In a default judgement, the Court decided that:
• The employee had been dismissed for refusing the owner’s advances;
• This constituted an automatically unfair dismissal based on sexual discrimination; and
• Newly appointed employees are as deserving of protection from sexual harassment as are their longer-serving colleagues.
The employer had to pay the employee:
• 24 months’ remuneration in compensation;
• Additional damages;
• Interest on the amounts to be paid; and
• The employee’s legal costs.
The above finding might lead employers to believe that, in order to protect themselves, they need to dismiss any employee found guilty of sexual harassment. However, this is not always so. For example, in the case of SABC Ltd VS Grogan (2006, 2 BLLR 207) a regional sales manager was dismissed for (amongst other things) sexual harassment after he had allegedly kissed a junior female colleague several times, given her love literature and had physical contact with her in his car. An arbitrator later found that, while he was guilty of sexual harassment the level of seriousness of his conduct did not merit dismissal. This was largely because the alleged victim had not seemed to mind his advances very much and had said she thought he should not be dismissed. The arbitrator, therefore, ordered the employer to reinstate the employee. The Employer took this decision on review to Labour Court but lost again as the Court pronounced the arbitrator’s finding to have been properly thought out and justified.
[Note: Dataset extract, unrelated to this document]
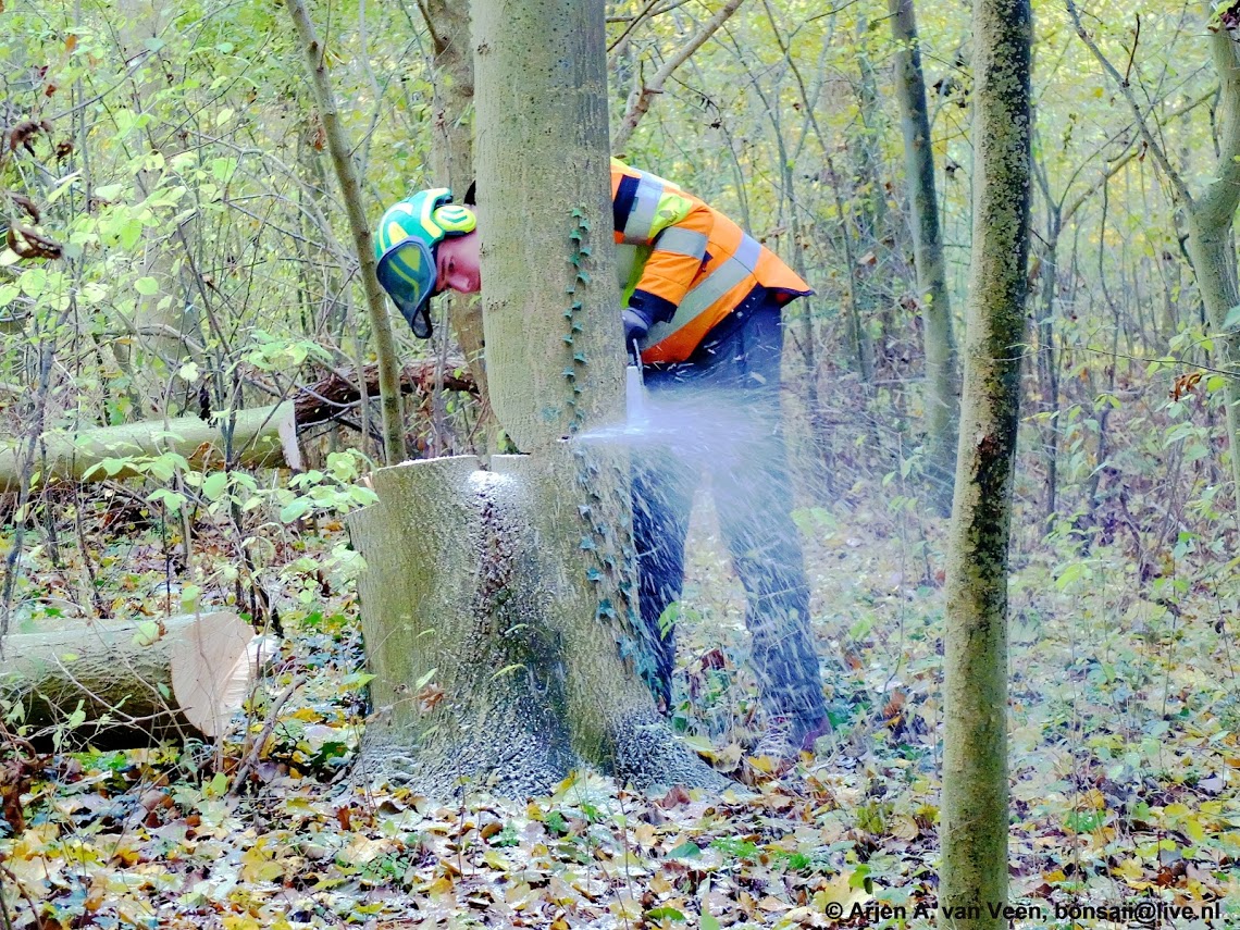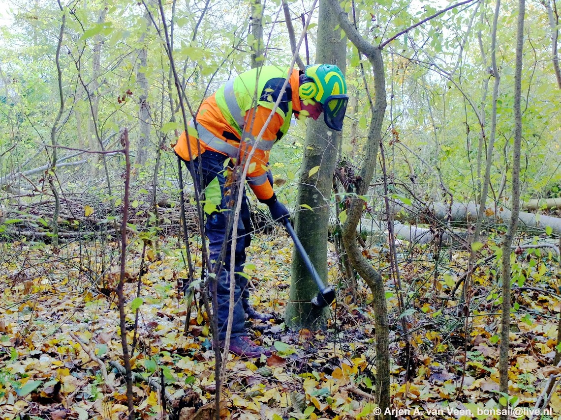 De anti processie bollen gaan voor een deel de grond in. Greet, Hester, CC en ik tekenen hiervoor. Leuk werk met een nog leuker vooruitzicht om in het voorjaar bij alle eiken een gekleurde boomspiegel te gaan zien. En als het werkt is het een dubbel feest. En Rudy, Rudy zaagt door en door. Hij heeft geen oog voor het laatste kleurtje van CC.

The above case findings show that:
1. Employers cannot ignore sexual harassment of their employees and must act swiftly.
2. However, this does not mean that dismissal is appropriate in every case.
3. Employers need to use reputable labour law experts to assist with:
• Deciding what the appropriate action should be in each individual case of sexual harassment.
• Designing a comprehensive sexual harassment policy.
• Ensuring that every owner, manager and employee knows and understands the severe consequences of committing such acts.
• Communicating to all concerned that such misconduct will result in severe penalties including possible dismissal.
• Ensuring that all employees feel entirely free to report sexual harassment.
• Training all employees in the above-listed issues as well as in what constitutes sexual harassment, how to deal with it, where to report it and the company’s supportive policy towards sexual harassment victims.